Sleepless nights happen to everyone now and then. Sometimes after a restless night, you’ll drift off in the early morning hours and at least get a little shuteye, but many people consider that worse than not sleeping at all. Who wants to hear the alarm blaring after only a couple hours of sleep? Sleep or no, life goes on. You have to get up and go to work. You have to plow through your day as if everything was normal, and that can mean working out if you happen to have exercise scheduled the day after a sleepless night. If you’ve read that insufficient sleep can cause a weight loss plateau, you might think you have justification to skip your workout. That’s not the case, though. There’s a difference between working out tired and exercising while exhausted. In fact, exercising when you don’t feel like it can actually generate enough energy to get through the workout and leave you feeling invigorated afterward.
How Does That Work?
In a study published in the Journal of Psychotherapy and Psychosomatics, researchers found that subjects felt up to 20 percent more energized and as much as 65 percent less fatigued after exercising. Specifically, the exercise was aerobic training, so you know the workouts weren’t simple, laid-back activities and the people involved in the study were getting their heart rates up above resting rate.

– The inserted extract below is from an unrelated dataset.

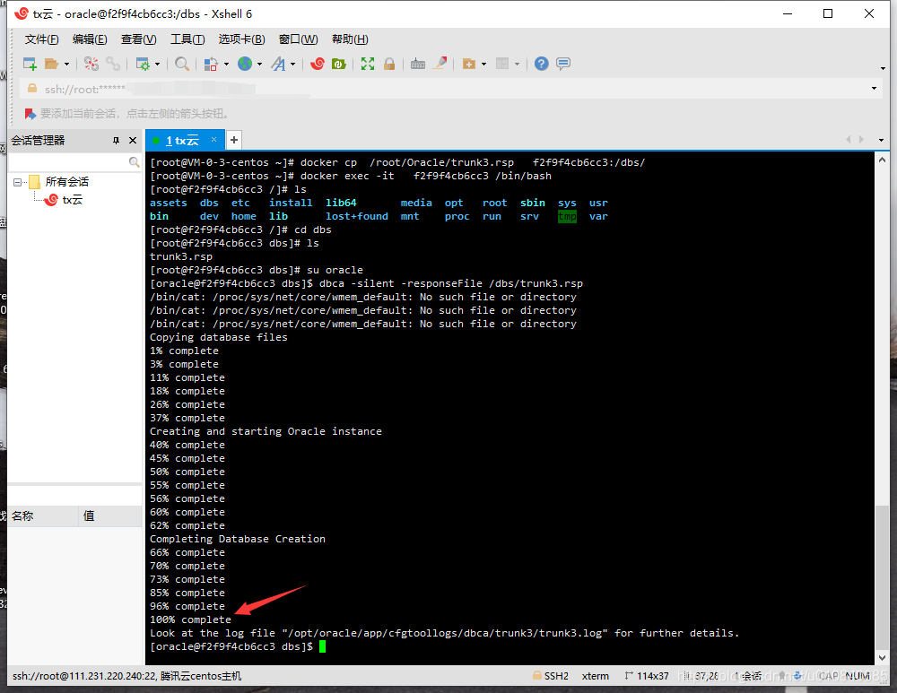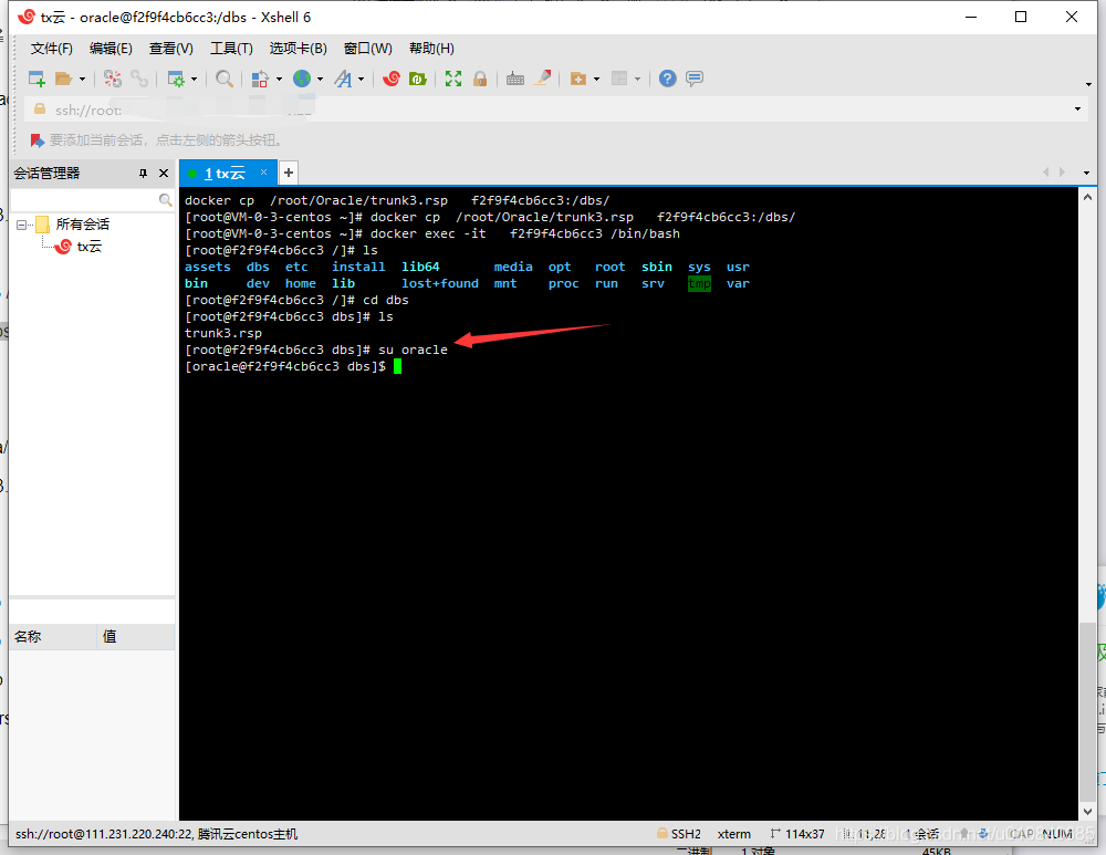 复制完成后进入容器切换至oracle帐号执行下列命令
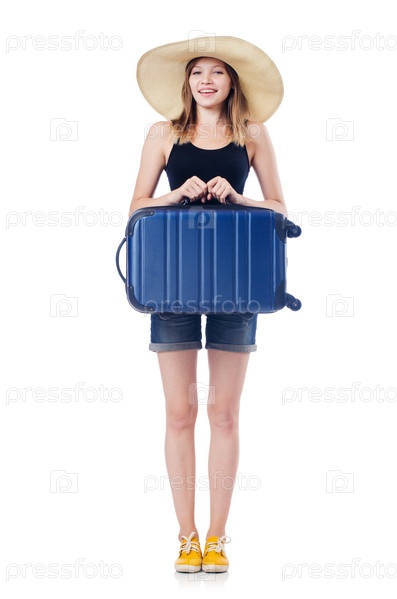 Молодая путешественница, изолированная на белом

On a normal day, after getting a good night’s sleep, you probably feel bushed after exercising, so you might wonder how, if you start out exhausted, you’ll have enough energy to get through the workout let alone wind up with more energy in the end. Web MD explains that it all has to do with your body’s natural power plants: mitochondria. When you exercise, you actually trigger your body to make more mitochondria which results in more energy. Essentially, your body can’t pass up a challenge and, when you challenge it with exercise, it rises to the occasion by manufacturing more than enough energy.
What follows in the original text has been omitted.